▶ _AVAILABLE DATA_:
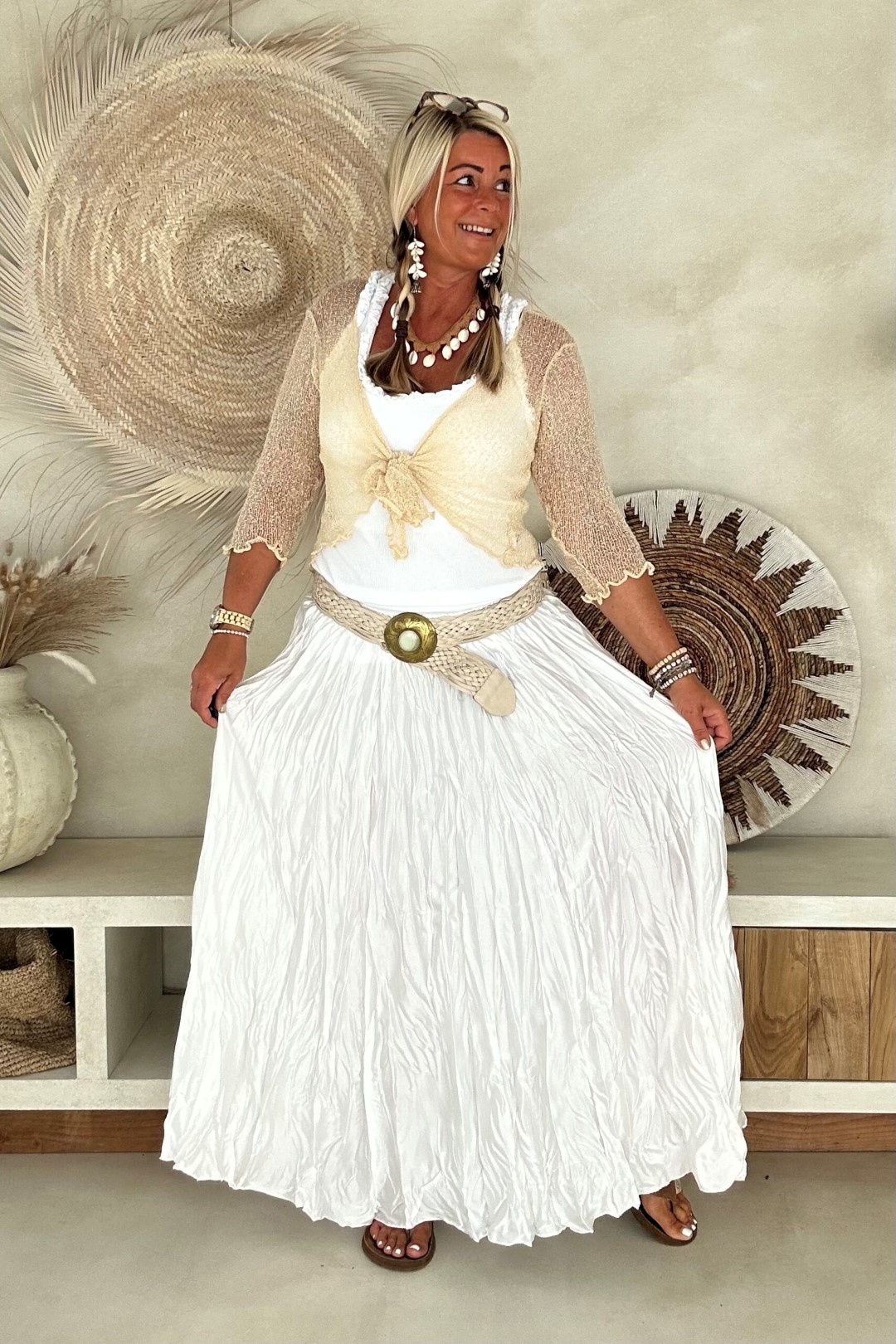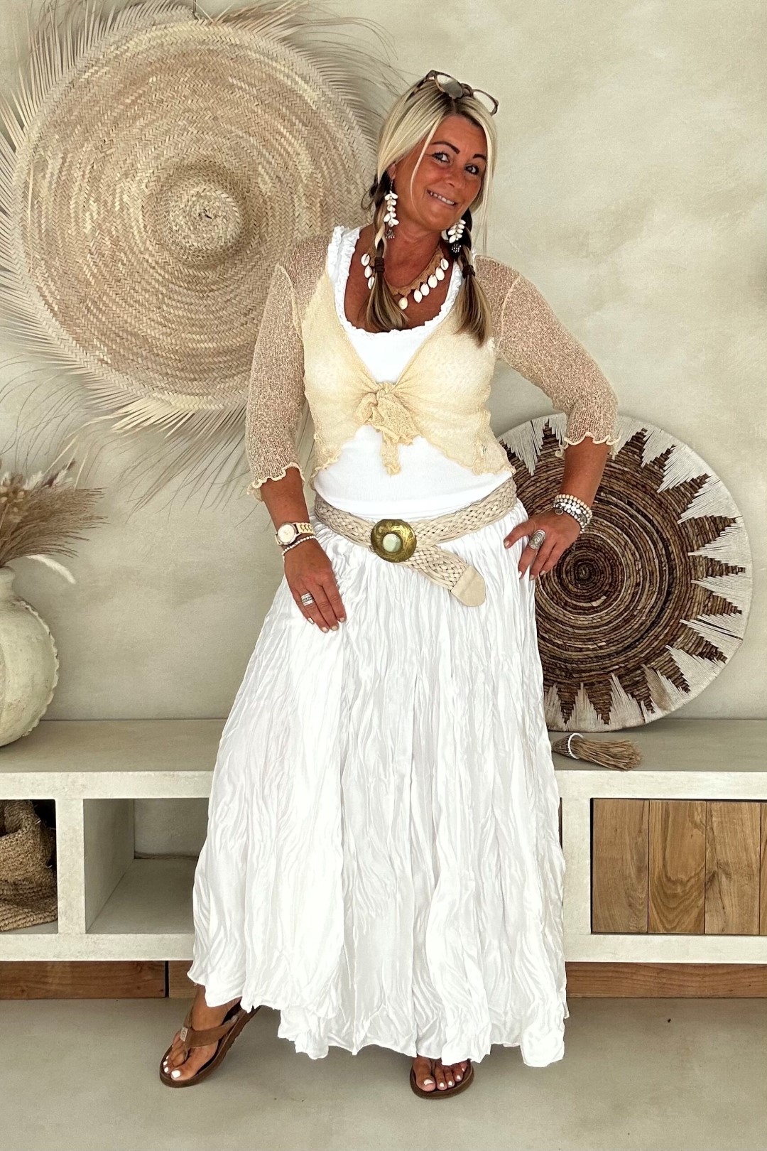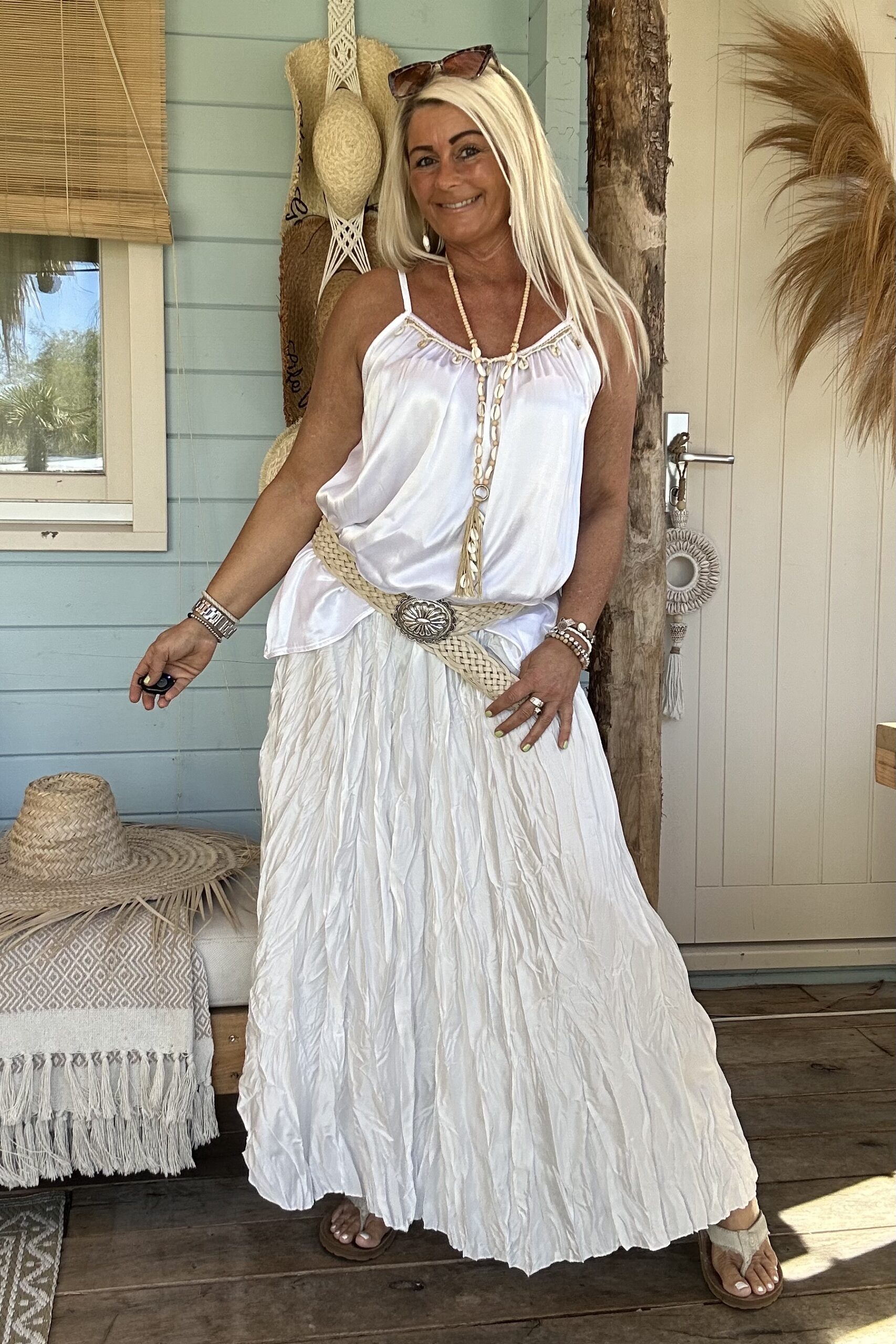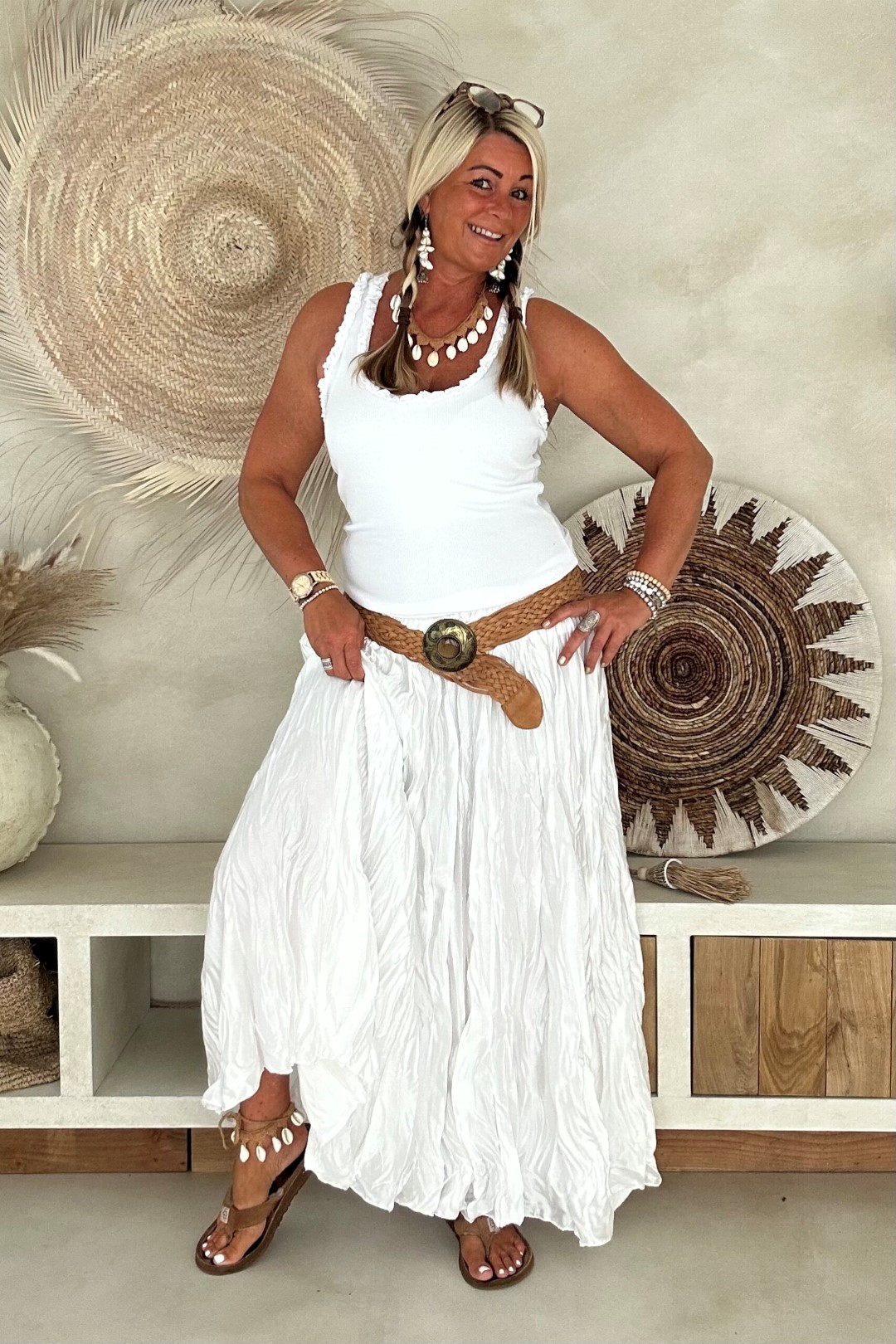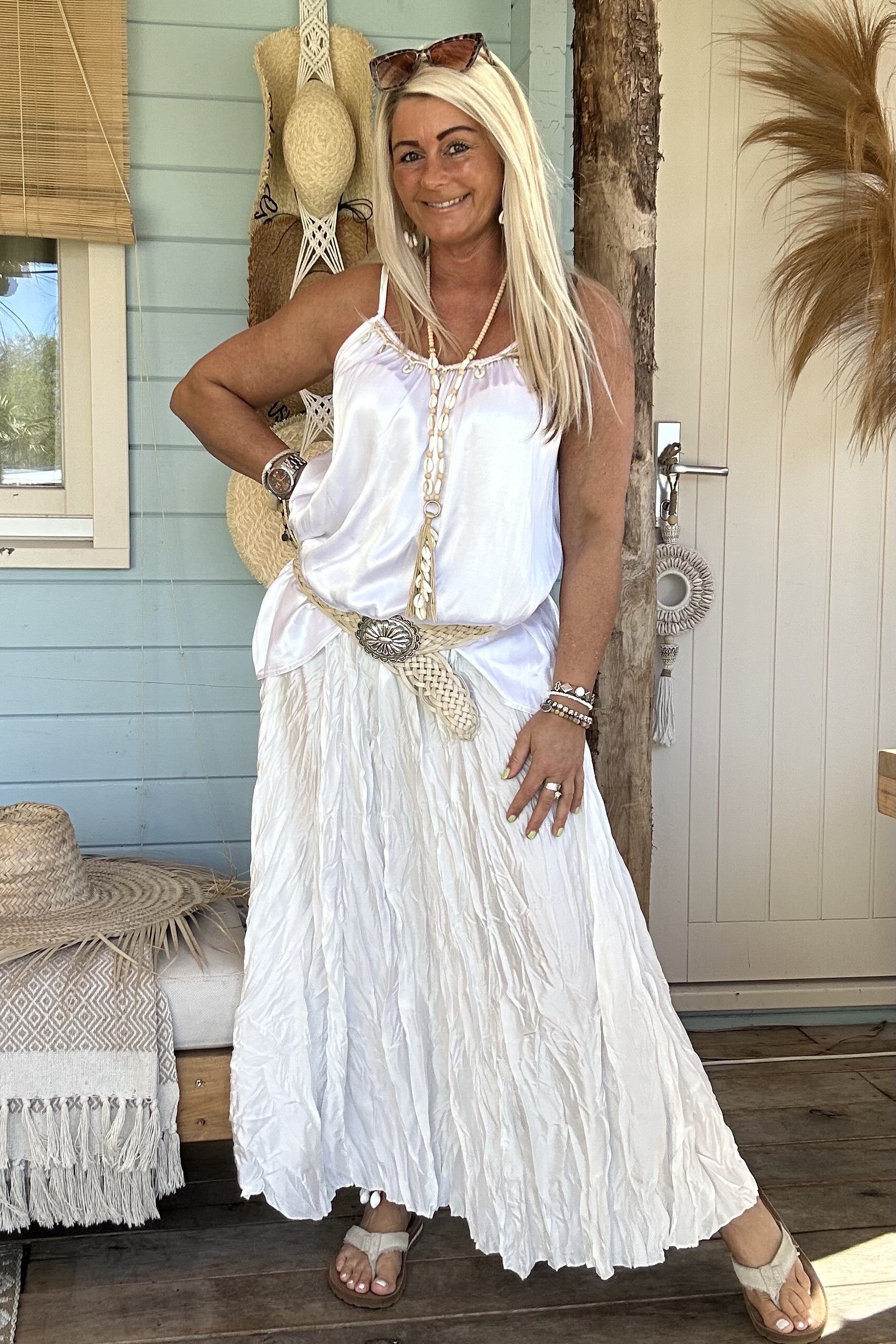 Boho Rok Satijnlook Wrinkle Fleur, Wit.
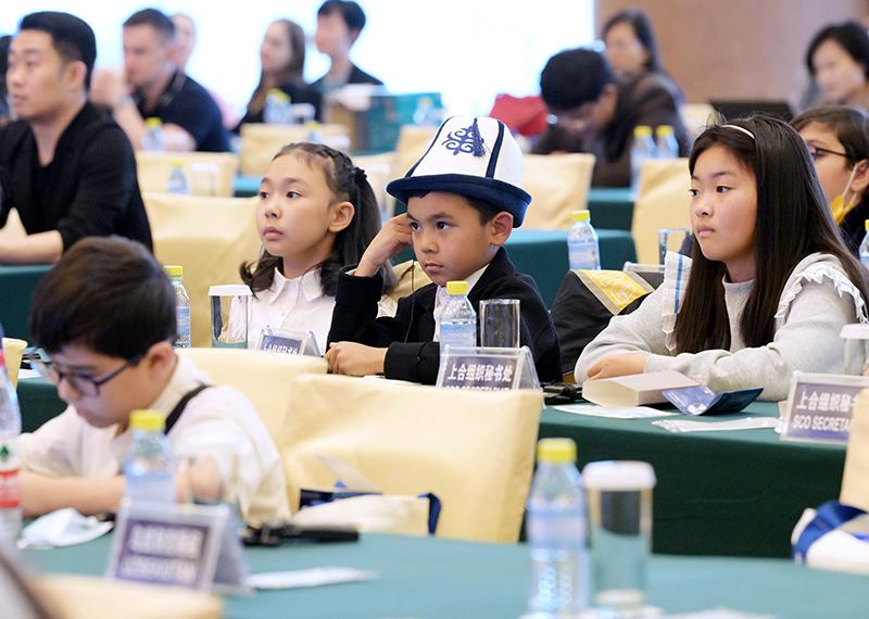 4月20日,参加活动的孩子在位于北京的主会场内认真聆听。
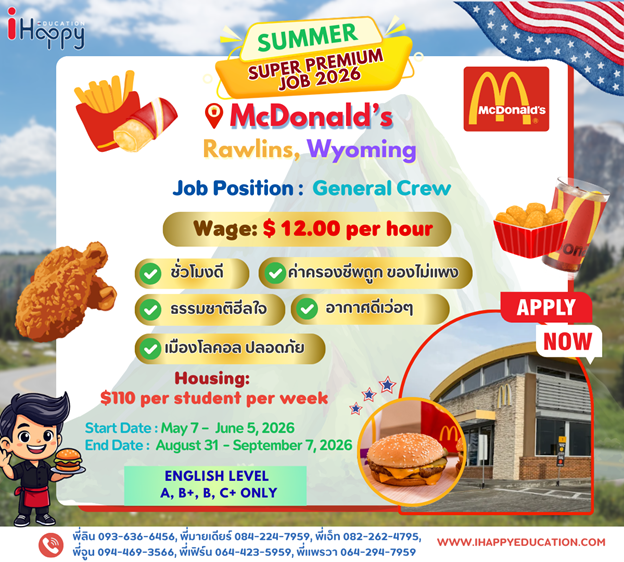 Choosing McDonald’s in Rawlins, Wyoming for the Work & Travel Program offers students a valuable opportunity to gain experience with a globally recognized brand while living in an authentic small-town American community. Working at McDonald’s provides structured training, clear job roles, and consistent work hours, helping participants build confidence in English communication, teamwork, and customer service skills. Living and working in Rawlins allows students to experience everyday American life, interact closely with local residents and travelers, and participate in cultural exchange in a safe, supportive environment, making it a meaningful and practical Work & Travel experience.
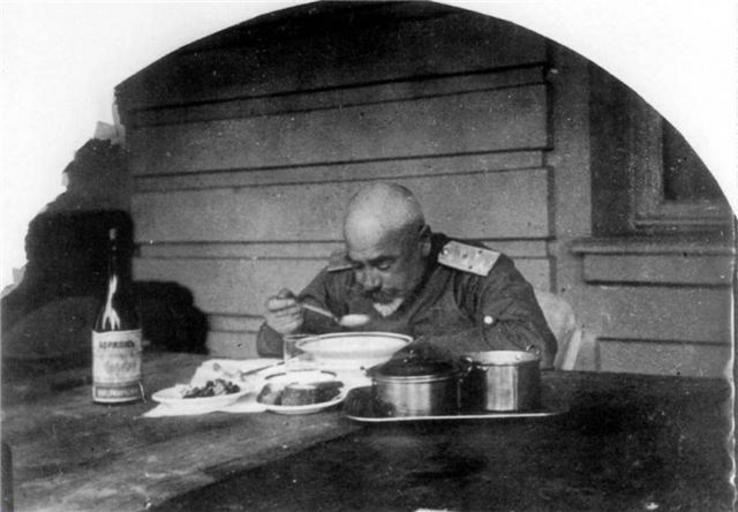 | Keywords: Denikin on eleemosynary dinner, 1919.jpg Деникин п обует пищу на благотво ительном обеде П опагандистское фото для белогва дейской п ессы Юга России 1919 год Ха ьков 1919 own archive author PD-Russia-2008 Uploaded with UploadWizard Anton Denikin Borjomi water Eating |

▶ _YOUR OBJECTIVE_: Return the material from above in full, exactly as written, with the pictures omitted.

▶ _EXERCISE RESPONSE_:
 Boho Rok Satijnlook Wrinkle Fleur, Wit.
 4月20日,参加活动的孩子在位于北京的主会场内认真聆听。
 Choosing McDonald’s in Rawlins, Wyoming for the Work & Travel Program offers students a valuable opportunity to gain experience with a globally recognized brand while living in an authentic small-town American community. Working at McDonald’s provides structured training, clear job roles, and consistent work hours, helping participants build confidence in English communication, teamwork, and customer service skills. Living and working in Rawlins allows students to experience everyday American life, interact closely with local residents and travelers, and participate in cultural exchange in a safe, supportive environment, making it a meaningful and practical Work & Travel experience.
 | Keywords: Denikin on eleemosynary dinner, 1919.jpg Деникин п обует пищу на благотво ительном обеде П опагандистское фото для белогва дейской п ессы Юга России 1919 год Ха ьков 1919 own archive author PD-Russia-2008 Uploaded with UploadWizard Anton Denikin Borjomi water Eating |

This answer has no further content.